Monday, March 30, 2009

For Just One Week


I'm getting back to this after a few weeks of not having time to even think, let along plan. So for this week I have 2 goals: One is a repeat that you have seen often - I'm going to try to walk everyday for at least 30 minutes. The second goal is going to be to post on here everyday this week. I need to get myself started going again on trying to achieve my 30 days to a new habit goal of walking everyday. I also want to get back to posting on a regular basis. Not because I want to be popular, I have no illusions of being famous, but because it makes me feel better. To be able to release some of the thoughts and feelings running around in this crazy mind of mine is always such a relief. So hopefully this week I can get myself headed in the right direction - FORWARD!!!

Sunday, March 29, 2009

More Chaos

Another period of chaos around here. It's funny, I thought as my kids got older that would become less of an issue but that just doesn't seem to be the case. I guess when they were younger I had more control over the germs that they passed back and forth. Now when one of them gets something, it seems that they all do. Although Matt did get pink eye without passing it on to the others, even though they caught his cold. I went 6 days without having a moment to myself and it left me wondering how in the world I survived them all being little.

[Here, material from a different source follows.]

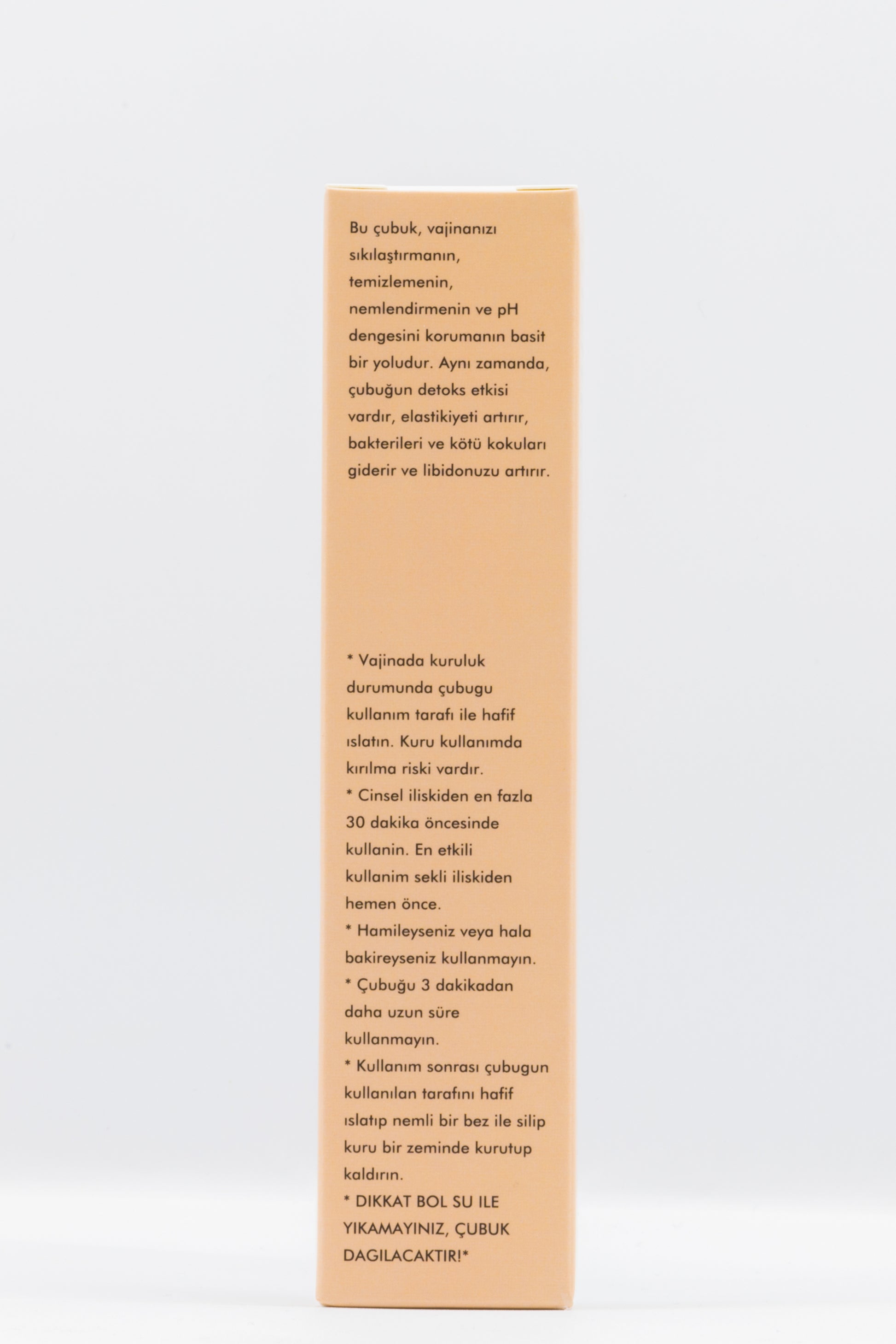 Bu çubuk, vajinanızı sıkılaştırmanın, temizlemenin, nemlendirmenin ve pH dengesini korumanın basit bir yoludur. Aynı zamanda, çubuğun detoks etkisi vardır, elastikiyeti artırır, bakterileri ve kötü kokuları giderir ve libidonuzu artırır.

Matt's sinus infection cleared up but on the morning I had to take him back for the check-up he woke up with pink eye and a cold. So he was home for 5 days because of the pink eye, during that time Jo sprained his ankle and Audrey caught the cold. Then as soon as they got better Drew caught the cold. The week before they all started getting sick was the book fair at the younger kids school and the week after was the beginning of Little League baseball season. Drew had to go to the final day of Major League try-outs sick but he made the team. It seems things are calming down and Spring is trying to take hold, so I have hope.

I have all kinds of updates to give you and lots of things I want to blog about so I'm going to try to start posting more regularly.

Tuesday, March 10, 2009

All is Good

I took Matt to the doctor Friday and she is pretty sure that it was just a severe sinus infection. She gave him a shot of antibiotics plus a 5 day round of antibiotics and we are giving him Claritin. Everything else was fine and as long as all is good when we go back this Friday the worry is over. He already looks so much better, actually he looked better the next morning after getting the shot. So it seems that I was worried for nothing. It puzzles me that he had a sinus infection that bad and wasn't running a fever but she said that was because it was all impacted in his face.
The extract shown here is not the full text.